What needs to be done » Because the pictures are not wanted, give back only the exact text of every entry below.

Input »

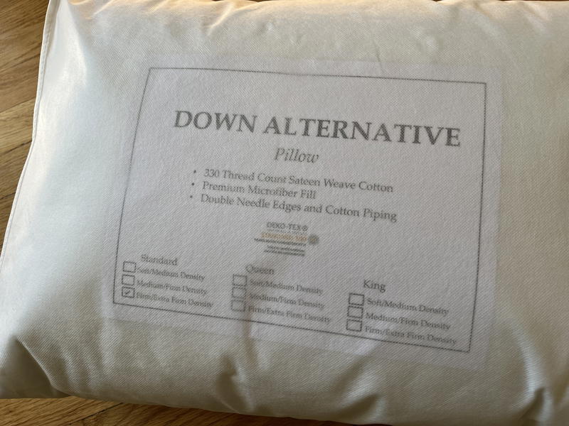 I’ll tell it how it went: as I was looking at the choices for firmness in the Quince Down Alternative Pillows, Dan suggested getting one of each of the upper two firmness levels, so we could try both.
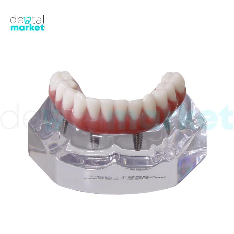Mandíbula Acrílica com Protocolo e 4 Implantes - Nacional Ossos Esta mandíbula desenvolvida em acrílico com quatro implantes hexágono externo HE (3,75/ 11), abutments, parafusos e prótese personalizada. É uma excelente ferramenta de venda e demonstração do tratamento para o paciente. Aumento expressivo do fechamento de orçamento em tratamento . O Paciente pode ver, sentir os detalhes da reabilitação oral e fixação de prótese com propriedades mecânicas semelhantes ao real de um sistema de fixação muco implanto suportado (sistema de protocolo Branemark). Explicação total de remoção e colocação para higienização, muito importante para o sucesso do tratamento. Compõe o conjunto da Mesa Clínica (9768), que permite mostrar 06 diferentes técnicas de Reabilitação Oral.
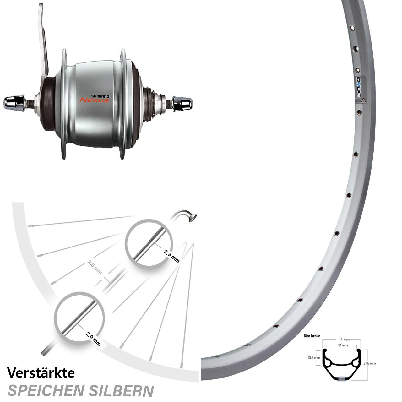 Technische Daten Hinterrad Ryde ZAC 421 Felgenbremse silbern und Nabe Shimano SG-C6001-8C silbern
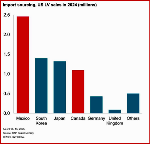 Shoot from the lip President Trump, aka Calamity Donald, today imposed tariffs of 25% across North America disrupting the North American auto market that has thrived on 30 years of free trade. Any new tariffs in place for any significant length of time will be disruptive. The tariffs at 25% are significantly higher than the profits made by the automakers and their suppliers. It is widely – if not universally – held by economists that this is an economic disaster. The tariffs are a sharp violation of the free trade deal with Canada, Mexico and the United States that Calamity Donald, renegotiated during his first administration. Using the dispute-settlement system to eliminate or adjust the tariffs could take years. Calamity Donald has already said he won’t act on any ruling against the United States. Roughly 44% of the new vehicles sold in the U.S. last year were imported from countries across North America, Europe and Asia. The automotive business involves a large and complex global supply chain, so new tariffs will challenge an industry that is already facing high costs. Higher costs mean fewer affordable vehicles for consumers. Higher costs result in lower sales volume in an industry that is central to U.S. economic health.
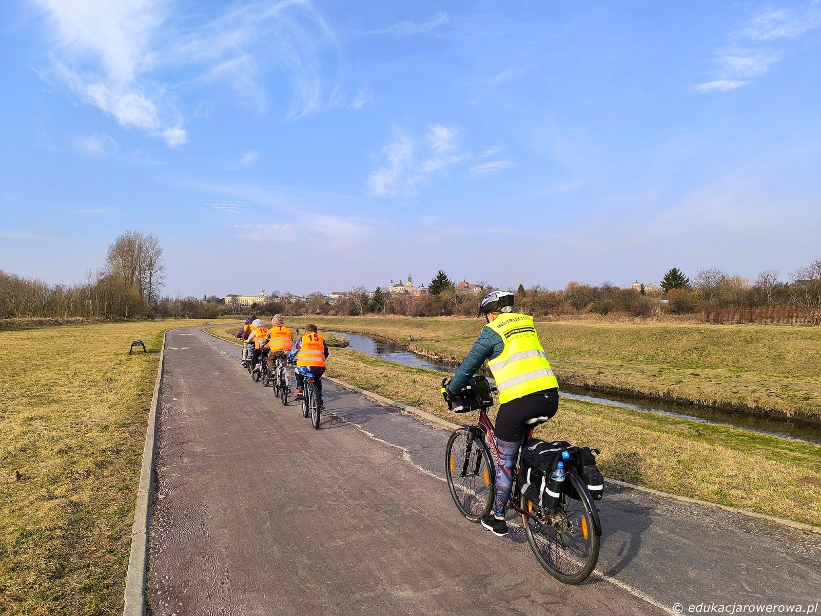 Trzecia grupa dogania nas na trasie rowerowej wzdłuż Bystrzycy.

Output for this exercise »
 I’ll tell it how it went: as I was looking at the choices for firmness in the Quince Down Alternative Pillows, Dan suggested getting one of each of the upper two firmness levels, so we could try both.
Mandíbula Acrílica com Protocolo e 4 Implantes - Nacional Ossos Esta mandíbula desenvolvida em acrílico com quatro implantes hexágono externo HE (3,75/ 11), abutments, parafusos e prótese personalizada. É uma excelente ferramenta de venda e demonstração do tratamento para o paciente. Aumento expressivo do fechamento de orçamento em tratamento . O Paciente pode ver, sentir os detalhes da reabilitação oral e fixação de prótese com propriedades mecânicas semelhantes ao real de um sistema de fixação muco implanto suportado (sistema de protocolo Branemark). Explicação total de remoção e colocação para higienização, muito importante para o sucesso do tratamento. Compõe o conjunto da Mesa Clínica (9768), que permite mostrar 06 diferentes técnicas de Reabilitação Oral.
 Technische Daten Hinterrad Ryde ZAC 421 Felgenbremse silbern und Nabe Shimano SG-C6001-8C silbern
 Shoot from the lip President Trump, aka Calamity Donald, today imposed tariffs of 25% across North America disrupting the North American auto market that has thrived on 30 years of free trade. Any new tariffs in place for any significant length of time will be disruptive. The tariffs at 25% are significantly higher than the profits made by the automakers and their suppliers. It is widely – if not universally – held by economists that this is an economic disaster. The tariffs are a sharp violation of the free trade deal with Canada, Mexico and the United States that Calamity Donald, renegotiated during his first administration. Using the dispute-settlement system to eliminate or adjust the tariffs could take years. Calamity Donald has already said he won’t act on any ruling against the United States. Roughly 44% of the new vehicles sold in the U.S. last year were imported from countries across North America, Europe and Asia. The automotive business involves a large and complex global supply chain, so new tariffs will challenge an industry that is already facing high costs. Higher costs mean fewer affordable vehicles for consumers. Higher costs result in lower sales volume in an industry that is central to U.S. economic health.
 Trzecia grupa dogania nas na trasie rowerowej wzdłuż Bystrzycy.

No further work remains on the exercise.